AWS Instance Sizing/Performance
At this point, we knew the Quartz scheduler was not the issue. As everything else in the configuration was identical, while we hadn’t seen any CPU-related issues, we figured it could just be related virtualization slowness. So, just to rule it out, we rolled the next largest box. As expected, given we had seen nothing to indicate CPU issues, we saw no difference in performance on a larger instance; jobs were still running 30-50 seconds behind.
Java Version Differences
After comparing packages between our on-premise box and AWS box, we found our on-prem box to be running Java 1.8.0, while our AWS instance was running 1.7.0. We upgraded the AWS instance to 1.8.0 and noticed a five-or-so-second improvement. The UI was much faster. But no huge improvement in runtime.
Waiting for Execution
During one of the times we launched a job manually, we noticed it became queued immediately, but sat there in the UI for over 30s saying, “Waiting for execution to start.” We thought this was odd, as the box wasn’t exhibiting any CPU-related issues and there were hundreds of free threads in the scheduler to execute the job. We searched and came across this thread, which seems very similar and was unanswered.
Local vs SSH Job
In an effort to make sure SSH wasn’t the issue, we created a local job that simply echoed the current timestamp into a file in /tmp. This job too ran between 30-50 seconds behind the time it was supposed to start. Obviously, this isn’t an SSH issue.
As we’re using MySQL as the backend of Rundeck, we figured there may be something up with database performance. After taking a look, we noticed several queries taking several seconds to complete. Accordingly, we realized the tables weren’t indexed properly for those queries. Rather than creating them ourselves, we searched and found a ticketed performance issue specifically related to missing MySQL indices. We created these indices and, while we no longer saw any slow queries, we saw no improvement in job execution.
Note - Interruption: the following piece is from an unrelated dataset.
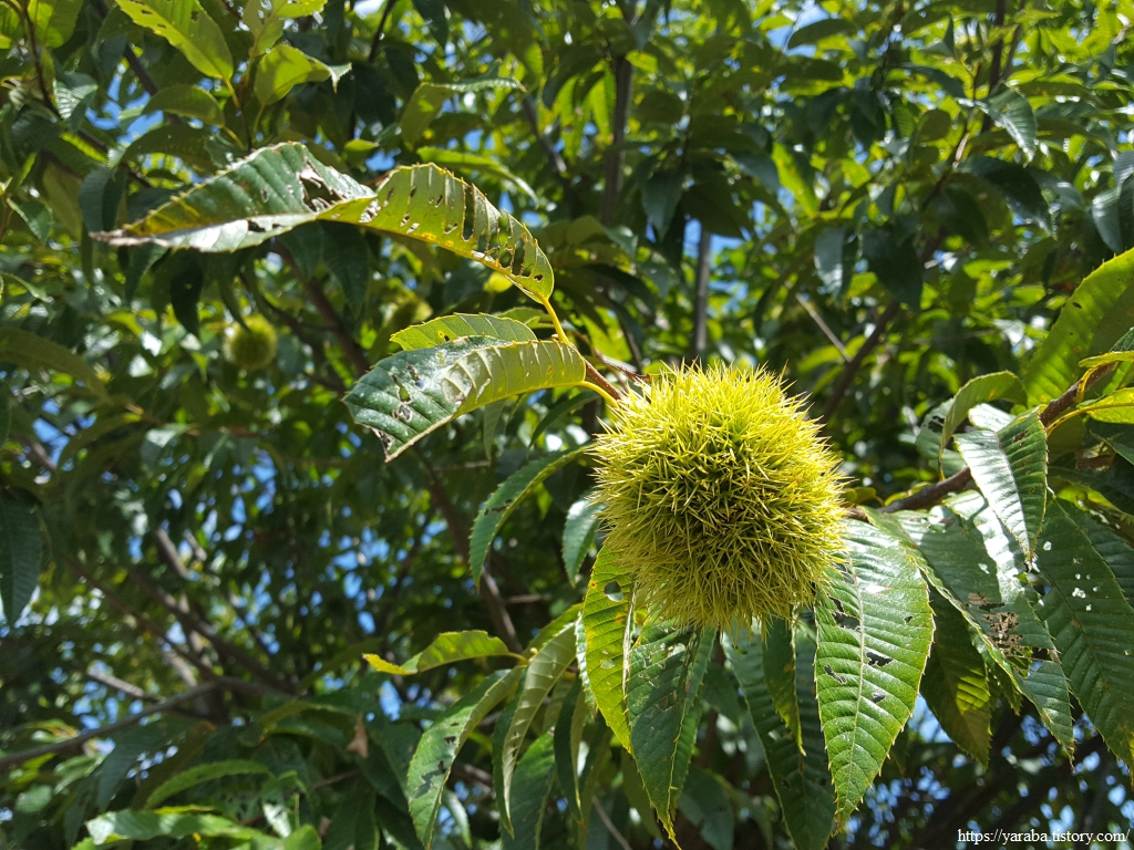 가을의 상징이라고 해도 무방한 밤송이를 가까이에서 만나니 반갑다. 가시가 무섭게 솟아 있지만 저 사이를 비집고 벌레가 들어가니 곤충들도 참 대단하다 싶다. 벌레들도 맛있으니 먹겠지! 하며 지나간다. 벌레 없애겠다고 살충제를 쓸 것인가, 아니면 너도 먹고, 남은 것은 내가 먹을게 하며 느긋한 마음을 가질 것인지는 평상시에 텃밭을 일구는 사람으로 늘 고민하는 선택이다. 편하기는 한데, 화학 약품을 뿌린 것을 내가 먹는다고 생각하니 살충제 선택은 늘 고민되는 선택이다. 전등으로 날벌레를 유인하는 친환경 방제가 있기는 하지만 가격도 세고, 한계가 있다.

Reducing the Number of Concurrent Jobs
To see whether this issue occurred with the same frequency with fewer jobs, we disabled all but one minutely-executed job. While it was still off by ~6s, it was far better than 30-50s. As we enabled other jobs one-by-one, we saw increasing start delays. As it was still 6s off, we figured something else must still be going on.
Watching the Filesystem
During the time we had been watching the single job logs, we noticed a new job log was being created at EXACTLY the right time the job was supposed to start. That is, at the first second of each minute. Unfortunately, when we looked at all other logs, none indicated this job had even started. So, how did this file get created at the right time, but no scheduler log showed this job had actually yet started? Let’s eliminate all the variables.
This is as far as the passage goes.